Your graphics card is the most powerful processor in your computer, and until recently, web browsers couldn't really use it. WebGL gave us 3D graphics, but the GPU's real potential—massive parallel computation—remained locked away.
WebGPU changes that. It's not just a better WebGL. It's a fundamental shift in what web applications can do.
This matters because the same GPU that renders video games can also run machine learning inference, physics simulations, video encoding, and cryptocurrency mining. When browsers gain full GPU access, web apps gain capabilities that previously required native code.
Let's understand what WebGPU is, why it exists, and what it enables.
The GPU: A Different Kind of Processor
Before diving into WebGPU, we need to understand what makes GPUs special.

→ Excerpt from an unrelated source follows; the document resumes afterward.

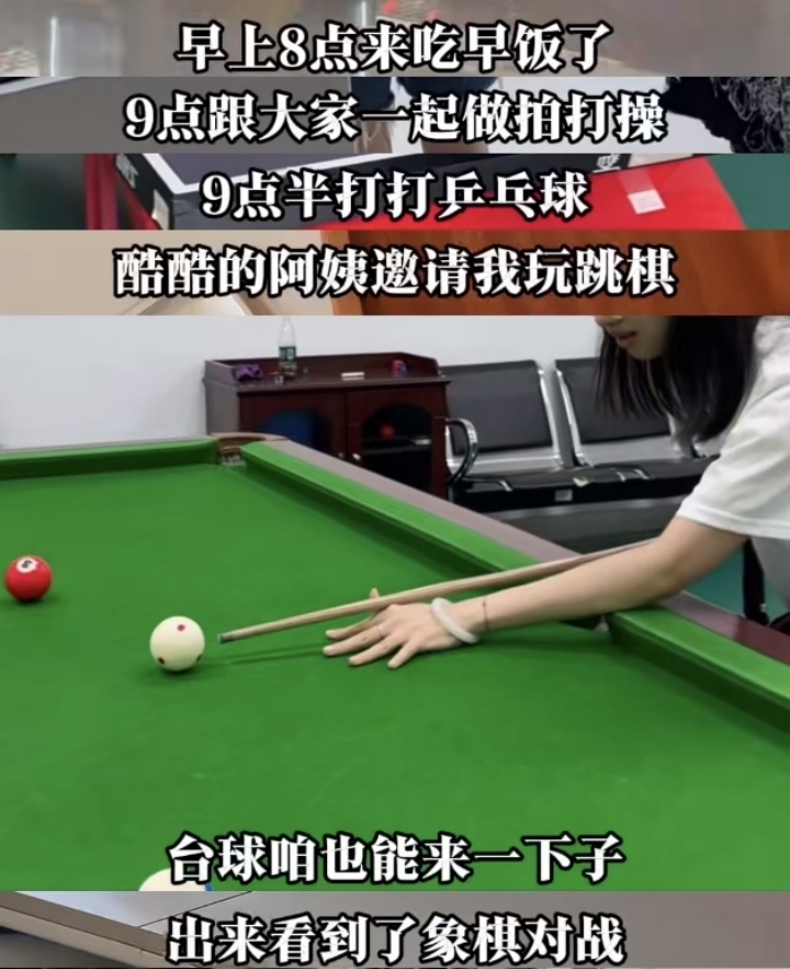 他们早上吃完早饭后,会做拍打操、广播体操,还会打乒乓球、玩跳棋、打台球、下象棋……

CPU vs. GPU: Different Tools for Different Jobs
CPU (Central Processing Unit):
- Few powerful cores (4-16 typical)
- Optimized for sequential tasks
- Great at complex, branching logic
- Handles diverse workloads
GPU (Graphics Processing Unit):
- Many smaller cores (hundreds to thousands)

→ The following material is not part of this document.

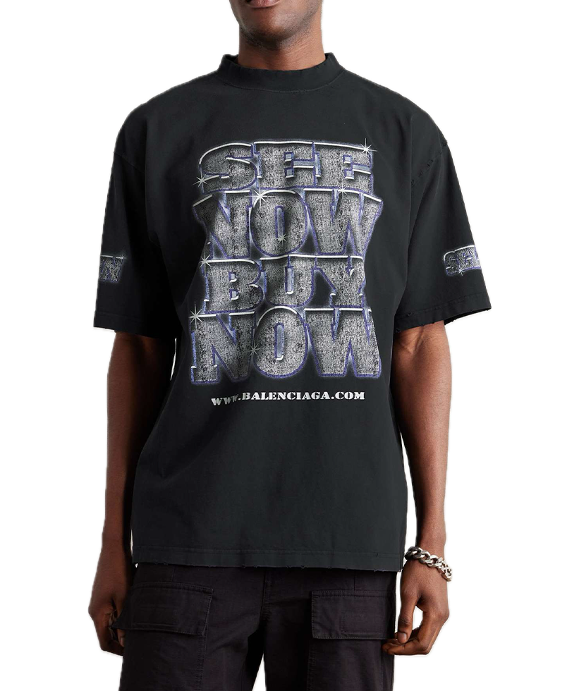 Balenciaga Logo-print Distressed cotton-Jersey T-shirt

- Optimized for parallel tasks
- Great at doing the same thing to lots of data
- Handles specific workloads extremely fast
The Parallelism Advantage
Consider calculating brightness for every pixel in a 1920x1080 image:
CPU approach (sequential):
for (let i = 0; i < 2_073_600; i++) {
pixels[i] = calculateBrightness(pixels[i]);
}
// ~2 million iterations, one at a time
GPU approach (parallel):
// All ~2 million pixels calculated simultaneously
// Each GPU core handles different pixels
The GPU might be 10-100x faster for this workload, not because each core is faster, but because thousands of cores work simultaneously.
What GPUs Excel At
- Graphics rendering: The original use case—transforming 3D geometry into 2D images
- Image/video processing: Filters, transformations, encoding/decoding
- Machine learning inference: Matrix multiplications, neural network layers
- Physics simulation: Particle systems, fluid dynamics
- Scientific computing: Financial modeling, cryptography, simulations
All of these involve doing similar operations on large amounts of data—perfect for parallelization.

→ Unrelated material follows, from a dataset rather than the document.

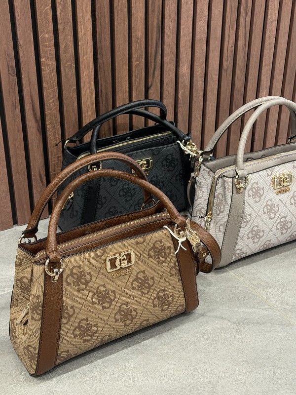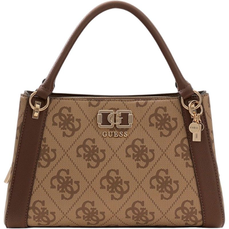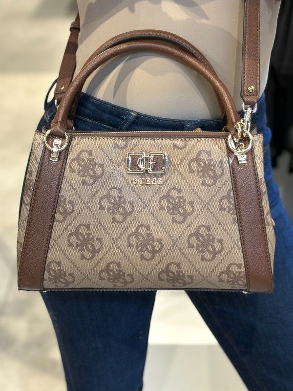 De Guess Karnilla Logo Gfriend Satchel in bruine tint voegt een vleugje stijl toe aan je outfit. Deze damestas heeft de iconische Guess 4G's logoprint, wat hem een unieke uitstraling geeft. De satchel is voorzien van een korte en een lange verstelbare en afneembare band, perfect voor handzaam gebruik. De prachtige Guess 4G's details zorgen voor een herkenbare look. Deze bruine Guess tas is ontworpen om elke outfit net dat beetje extra te geven. Voeg mode uit de eerste hand toe aan je collectie met deze must-have satchel!

The History: From WebGL to WebGPU
WebGL (2011): Graphics for the Web
WebGL brought hardware-accelerated 3D graphics to browsers. It was based on OpenGL ES 2.0, a graphics API designed in 2007 for mobile devices.
// WebGL: Verbose, state-machine based
const gl = canvas.getContext('webgl');
gl.clearColor(0.0, 0.0, 0.0, 1.0);
gl.enable(gl.DEPTH_TEST);
gl.useProgram(shaderProgram);
gl.bindBuffer(gl.ARRAY_BUFFER, vertexBuffer);
gl.drawArrays(gl.TRIANGLES, 0, vertexCount);
WebGL achievements:
- 3D games in browser (HexGL, Quake JS)
- Data visualization (Three.js, deck.gl)
- Creative tools (Figma's rendering)
- Maps (Google Maps 3D, Mapbox)
WebGL limitations:
- State machine API: Error-prone, hard to optimize
- Old design paradigm: Based on 2007-era graphics concepts
- Single-threaded: Can't prepare work on multiple threads
- Limited compute: No general-purpose GPU computing
- Driver overhead: High CPU cost for draw calls
By 2015, native graphics APIs had evolved dramatically—Vulkan, Metal, DirectX 12—while WebGL was stuck in the OpenGL ES 2.0 era.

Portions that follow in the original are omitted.